Whether you _actually_ copied the bits doesn't come into consideration, apparently.
Because the courts can only take into consideration the information they have available to them. Which is all bits, because all information is bits.
You take a file to which someone claims copyright, mix it up with a public file, and then the result, which is mixed-up garbage supposedly containing no information, is supposedly free of copyright claims even though someone else can later undo the mixing operation and produce a copy of the copyright-encumbered file you started with.
There is still no Colour here, and the essay is missing a rather decent practical attack on the "Colour theory" version of the copyright system.
Suppose Alice publishes R1 and Bob publishes R2. R1 is Alice's message xor Alice's one time pad. R2 is Bob's message xor Bob's one time pad. The one time pads are "random".
Then it's discovered that R1 xor R2 generates a third party copyrighted work.

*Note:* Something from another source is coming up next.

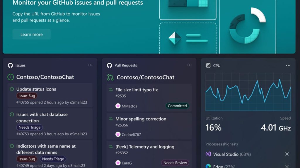 Outra ferramenta projetada para facilitar a carga de trabalho dos desenvolvedores é o Dev Home. Com suporte no Windows 11 e disponível na Microsoft Store, o Dev Home oferecerá aos desenvolvedores uma maneira de gerenciar seus projetos e acompanhar diferentes fluxos de trabalho. Com este novo produto, você pode se conectar ao GitHub e configurar ambientes de desenvolvimento em nuvem, como Microsoft Dev Box e GitHub Codespaces. Você pode então adicionar widgets do GitHub para acompanhar suas tarefas de codificação e solicitações pull e monitorar o desempenho da CPU e GPU de um único local.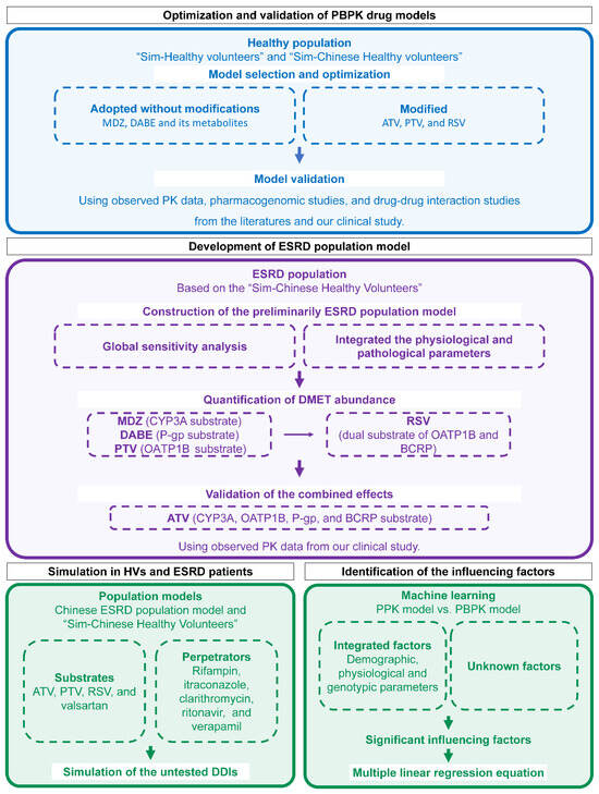 The overall workflow is illustrated in Figure 1. Firstly, five substrate drug models were validated using PK data in HVs from the literature and our previous study [27]. Next, based on the built-in “Sim-Chinese Healthy Volunteers” population model in Simcyp, the ESRD population model was developed by incorporating physiological parameters and DMET functions specific to Chinese ESRD patients. Then, DDDIs between substrates and perpetrators were evaluated through simulations using the established model. Lastly, influencing factors for individual clearance were identified and quantified.

Which is statistically impossible unless either Alice or Bob (_but not necessarily both_) chose their one-time pad specifically in order to cause this.
According to "Colour theory" the one who chose their one-time pad specifically in order to cause this has given their ciphertext the "Colour" of the copyrighted work. But that's a real problem _in practice_ when there is no way to tell which one it was. The other person may not even be in on it. So which one do you haul into court when you don't know that? Which one do you take down?
In real life if something like that becomes popular what happens is not that they figure out who it really was that created the derivative work, it's that they come up with some kind of disgusting hack like the DMCA takedown process which imposes no practical consequences on fraudulent takedowns, and hope that the innocent victims of the collateral damage don't have enough political clout to do anything about it.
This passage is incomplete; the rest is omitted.